[GRU] Different results between batched and one by one inference

docteur_saoul · January 28, 2021, 2:36pm

Hi,

I’m using Pytorch 1.7.1 on CPU and I’m getting inconsistent results during inference over the same data.
It seems that the GRU implementation gives slightly different results for a sample by sample prediction vs batched prediction.

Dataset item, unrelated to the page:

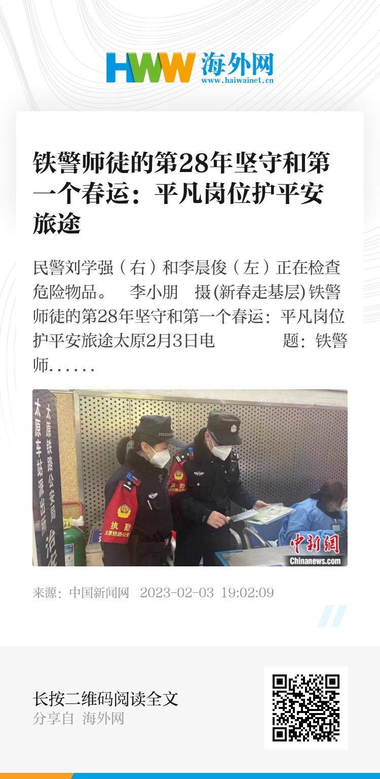 “各位旅客,春运期间出行人多拥挤,请大家过安检后及时检查自己随身携带的行李物品,以免遗漏或误拿影响后续出行。”2023年春运正在进行,山西太原火车站进站口,民警刘学强和李晨俊穿梭在人群中,不断向旅客发出提醒。

Here is a code to reproduce the problem:
import torch a = torch.randn((128, 500, 4)) layer = torch.nn.GRU(4, 4, num_layers=2, dropout=0.0, bidirectional=True, batch_first=True) layer.eval() batched, _ = layer(a) obo = torch.zeros(batched.shape) for i in range(128): obo[i] = layer(a[[i]])[0][0]

batched == obo

I was expecting this code to return only True but instead returns a mix of True and False. Is it normal or is it a pytorch problem ?

Thank you for your time

ptrblck · January 30, 2021, 8:31am

If the relative error is in the range ~1e-6 the difference is most likely due to the limited precision used in float32 and you should get a lower error using e.g. flaot64.
The better way to compare floating point numbers is to use torch.allclose, which uses a small eps value to compare both tensors.

docteur_saoul · January 30, 2021, 12:04pm

Thank you for the answer !

Error seems to be in the 1e-6 range right after the RNN layers indeed.
Are you aware of any way to attenuate this behaviour ? In my actual code, after a few layers, this error is more in the 1e-4 range, which causes non reproducibility problems during inference

ptrblck · January 31, 2021, 7:18am

Are you seeing non deterministic behavior using one approach and following the reproducibility docs or just if you compare the batched vs. single sample approach?

docteur_saoul · February 1, 2021, 7:28am

I have already tried changing the seed and setting pytorch in deterministic mode to no avail.
I find a dirty hack: using quantization aware training seems to attenuate the negative impact of this.

qingqingxu2020 · June 13, 2022, 9:23am

hello, I suffered the same problem.
In my case, after 28 layers, this error is more in 1e-2 range.
So, how did you finally solve it? Thank you very much.